The few Colombian men in charge of this experience waved us down the precarious mid-splattered ladder. I watched KatieHat slowly sink into viscous gray mud and then float, guided by the locals' hands, to the center of the pit where they began to massage her back and legs and arms as she lay on top of the mud.
Umm ok my turn! I backed down the slippery stairs and sank into the comfortably warm and pleasantly smooth molten mud. My masseur told me to relax, and I was shocked at how completely buoyant the mud was! The massage lasted maybe five minutes (sure whatevs, it cost $1.50), and then he guided me to the side and told me to stand up. It worked! The tour guide on the bus told us that being in the mud volcano (which is 300 feet deep!) would feel like zero gravity, and she was right! The rest of our group (about 12 total) one by one joined us in the pit, and the camera boy snapped pictures from above. We slip-slided around like baby otters, or the Orc being born in Lord of the Rings, or like three girls in a warm and buoyant mud volcano bath of ridiculousness.
I'm not going to lie guys, it was a weird and awesome and unique experience that I highly recommend!
After maybe a half an hour, we one at a time climbed back up those slippery steps. A guy at the top used his hands to essentially squeegee the mud off, then sent us down the volcano stairs like a line of slow-moving Swamp Things to make our way to the lagoon.

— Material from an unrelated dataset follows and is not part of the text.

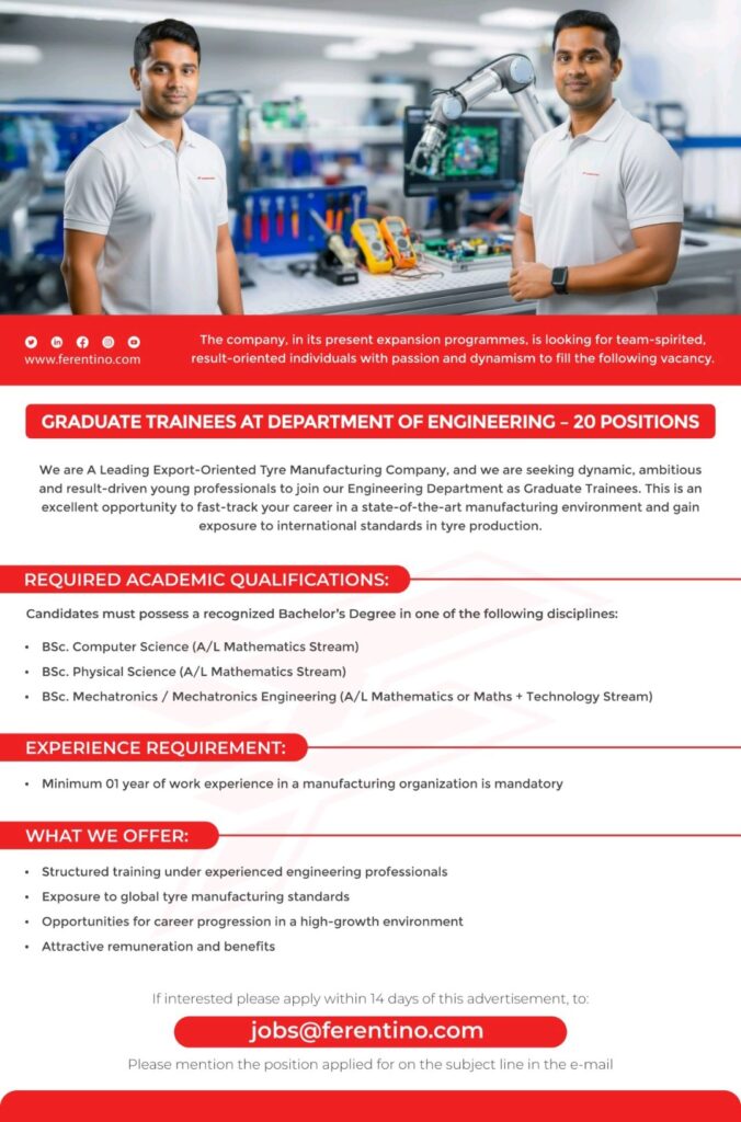 Interested candidates are invited to forward their CV to jobs@ferentino.com within 14 days of this advertisement, indicating “Graduate Trainee Engineering” in the subject line.

So there we found ourselves. A woman with a plastic bowl in hand guided me into the lagoon, sat me down in water just over a foot deep, and started washing me like a baby in a bathtub, using the bowl to pour water over my head and scrub the mud out of my hair and ears. I squished my eyes shut and went with it -- she appeared to be doing a good job. Then she took off my top! Little waves crashing against my belly button, she washed out my top and put it back on me, then did the same with the bottoms. Unexpected, but ummm sure ok, me and my 12 new best friends are just going to have this experience together I guess!
We emerged out of the lagoon feeling clean and refreshed and a little bit baffled by the serious events that had just occurred. Clearly we bought egg arepas (again, Colombia = never not eating fried corn things) and then took the bus back to the city.